Records excerpted from a collection

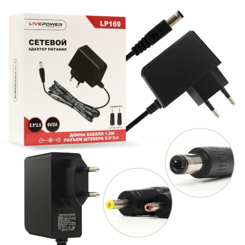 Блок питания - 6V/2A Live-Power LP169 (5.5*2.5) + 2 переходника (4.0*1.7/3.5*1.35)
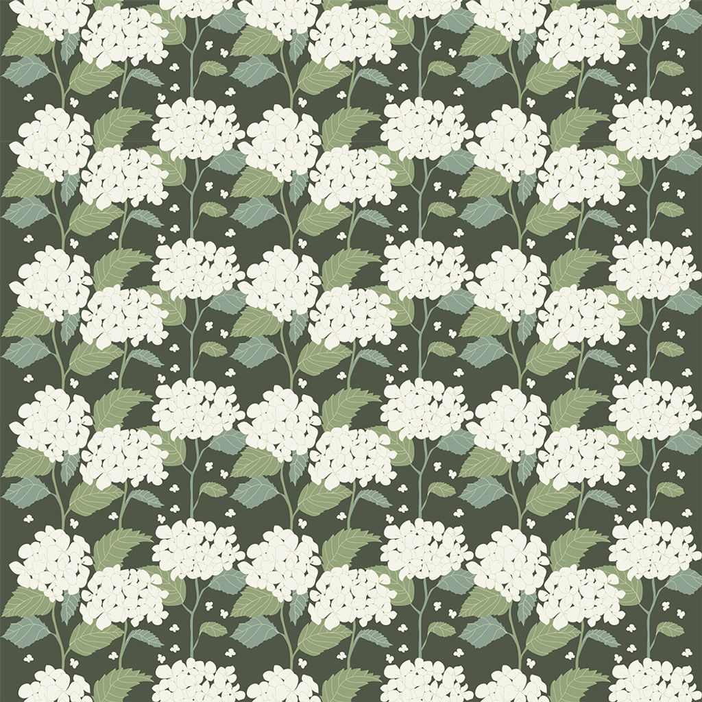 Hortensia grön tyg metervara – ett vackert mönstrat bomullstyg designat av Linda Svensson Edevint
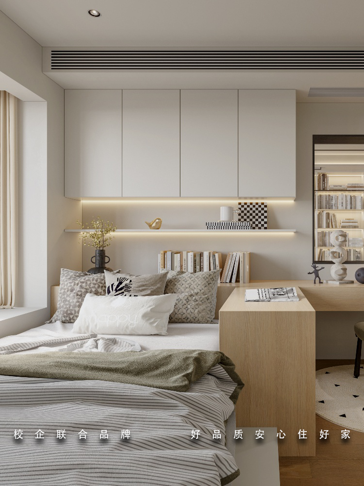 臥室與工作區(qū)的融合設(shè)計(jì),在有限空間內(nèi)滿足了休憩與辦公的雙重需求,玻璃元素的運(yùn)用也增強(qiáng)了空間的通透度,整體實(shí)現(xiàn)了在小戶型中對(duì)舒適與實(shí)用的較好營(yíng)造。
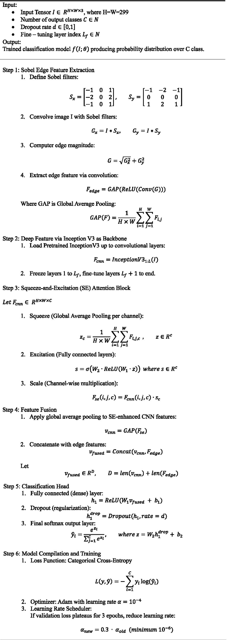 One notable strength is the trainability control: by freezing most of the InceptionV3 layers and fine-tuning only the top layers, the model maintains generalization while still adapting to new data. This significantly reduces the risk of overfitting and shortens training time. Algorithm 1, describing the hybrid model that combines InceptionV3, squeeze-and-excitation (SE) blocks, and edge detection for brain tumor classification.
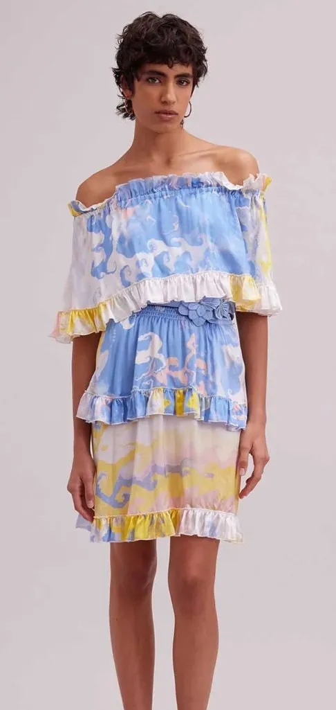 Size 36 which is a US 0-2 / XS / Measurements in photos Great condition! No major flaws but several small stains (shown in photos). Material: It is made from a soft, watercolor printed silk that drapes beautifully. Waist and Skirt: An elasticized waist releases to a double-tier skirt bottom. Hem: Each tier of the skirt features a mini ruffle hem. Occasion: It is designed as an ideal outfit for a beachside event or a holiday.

## Brief
For this exercise, print all of the entries exactly as they appear, but without pictures.

## Response
 Блок питания - 6V/2A Live-Power LP169 (5.5*2.5) + 2 переходника (4.0*1.7/3.5*1.35)
 Hortensia grön tyg metervara – ett vackert mönstrat bomullstyg designat av Linda Svensson Edevint
 臥室與工作區(qū)的融合設(shè)計(jì),在有限空間內(nèi)滿足了休憩與辦公的雙重需求,玻璃元素的運(yùn)用也增強(qiáng)了空間的通透度,整體實(shí)現(xiàn)了在小戶型中對(duì)舒適與實(shí)用的較好營(yíng)造。
 One notable strength is the trainability control: by freezing most of the InceptionV3 layers and fine-tuning only the top layers, the model maintains generalization while still adapting to new data. This significantly reduces the risk of overfitting and shortens training time. Algorithm 1, describing the hybrid model that combines InceptionV3, squeeze-and-excitation (SE) blocks, and edge detection for brain tumor classification.
 Size 36 which is a US 0-2 / XS / Measurements in photos Great condition! No major flaws but several small stains (shown in photos). Material: It is made from a soft, watercolor printed silk that drapes beautifully. Waist and Skirt: An elasticized waist releases to a double-tier skirt bottom. Hem: Each tier of the skirt features a mini ruffle hem. Occasion: It is designed as an ideal outfit for a beachside event or a holiday.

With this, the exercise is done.